I’ve been living with the effects of complex trauma for a long time, but for many years I didn’t know what it was. Off and on throughout my life, I’ve struggled with what I thought was anxiety and depression. Or rather, In addition to being traumatized, I was anxious and depressed.
All mental health is a serious matter, and should never be minimized. If you are feeling anxious or depressed, it’s important and urgent to find the right support for you. No one gets a prize for “worst” depression, anxiety, trauma or any other combination of terrible things to deal with, and no one should suffer alone. With that in mind, there is a difference between what someone who has CPTSD feels and what someone with generalized anxiety or mild to moderate depression feels.
For someone dealing with complex trauma, the anxiety they feel does not come from some mysterious unknown source or obsessing about what could happen. For many, the anxiety they feel is not rational. General anxiety can often be calmed with grounding techniques and reminders of what is real and true. Mindfulness techniques can help. Even when they feel disconnected, anxious people can often acknowledge that they are loved and supported by others.
For those who have experienced trauma, anxiety comes from an automatic physiological response to what has actually, already happened. The brain and body have already lived through “worst case scenario” situations, know what it feels like, and are hell-bent on never going back there again. The fight/flight/ freeze response goes into overdrive. It’s like living with a fire alarm that goes off at random intervals twenty four hours a day. It is extremely difficult for the rational brain to be convinced “that won’t happen,” because it already knows that it has happened, and it was horrific.
Those living with generalized anxiety often live in fear of the future. Those with complex trauma fear the future because of the past.
The remedy for both anxiety and trauma is to pull one’s awareness back into the present. For a traumatized person who has experienced abuse, there are a variety of factors that make this difficult. First and foremost, a traumatized person must be living in a situation which is 100% safe before they can even begin to process the tsunami of anger, grief, and despair that has been locked inside of them, causing their hypervigilance and other anxious symptoms. That means that no one who abused them or enabled abuse in the past must be allowed to take up space in their life. It also means eliminating any other people who mirror the same abusive or enabling patterns. Unfortunately for many, creating a 100% abuser-free environment is not possible, even for those who set up good boundaries and are wary of the signs. That means that being present in the moment for a complex trauma survivor is not fail-proof, especially in a stressful event. They can be triggered into an emotional flashback by anything in their present environment.

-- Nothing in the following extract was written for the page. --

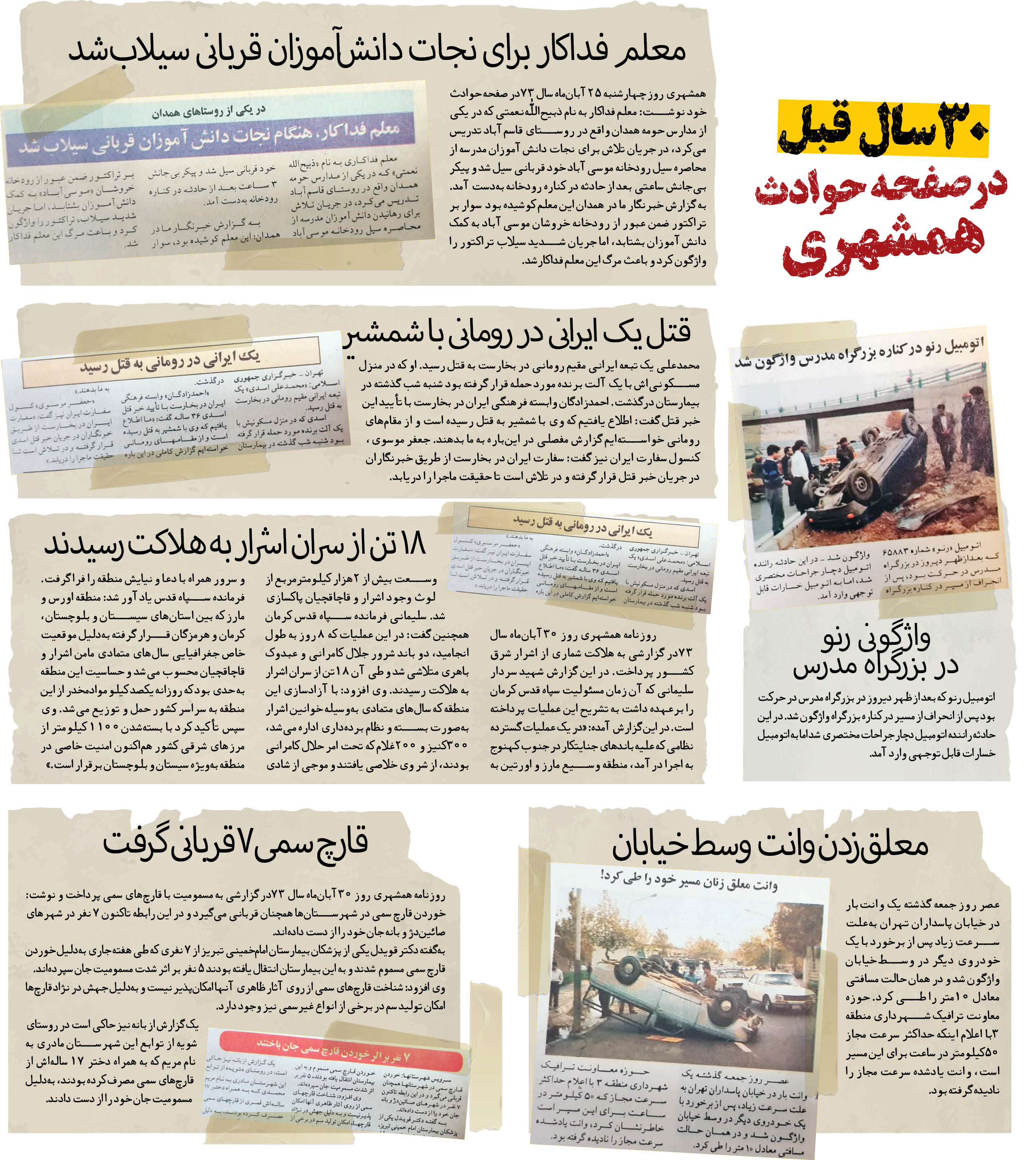 در این صفحه به بازخوانی صفحات حوادث روزنامه همشهری در 30 سال قبل میپردازیم

It is possible (and likely) that someone suffering from the effects of complex trauma is also feeling anxious and depressed, but there is a difference to the root cause. Many effective strategies that treat anxiety and depression don’t work for trauma survivors. Meditation and mindfulness techniques that make one more aware of their environment sometimes can produce an opposite effect on a trauma survivor. Trauma survivors often don’t need more awareness. They need to feel safe and secure in spite of what their awareness is telling them.

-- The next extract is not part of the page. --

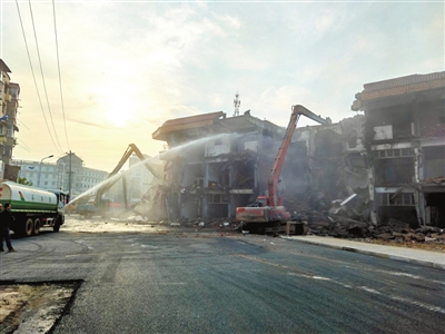 11月19日清晨,随着淦水商业城外围的几台拆危机械到位,危房拆除工作正式开始。拆除工作外围由区城管、区公安及交警部门拉起了警戒线,对来往围观市民进行劝诫。在拆危现场,几台“啄木鸟”散开作业,同时利用洒水车远程进行降尘,避免扬尘对周围环境造成影响。

At the first sign of anxiety or depression, traumatized people will spiral into toxic shame. Depending on the wounding messages they received from their abusers, they will not only feel the effects of anxiety and depression, but also a deep shame for being “defective” or “lame,” or “not good enough.” Many survivors were emotionally and/or physically abandoned, and have a deep rooted knowledge of the fact that they were insufficiently loved. They live with a constant reminder that their brains and bodies were deprived of a basic human right. Even present-day situations where they are receiving love from a safe person can trigger the awareness and subsequent grief of knowing how unloved they were by comparison.
Anxiety and depression are considered commonplace, but I suspect that many of those who consider themselves anxious or depressed are actually experiencing the fallout of trauma. Most therapists are not well trained to handle trauma, especially the complex kind that stems from prolonged exposure to abuse. Unless they are specially certified, they might have had a few hours in graduate school on Cluster B personality disorders, and even fewer hours on helping their survivors. Many survivors of complex trauma are often misdiagnosed as having Borderline Personality Disorder or Bipolar Disorder. Anyone who has sought treatment for generalized anxiety or depression owes themselves a deeper look at whether trauma plays a role.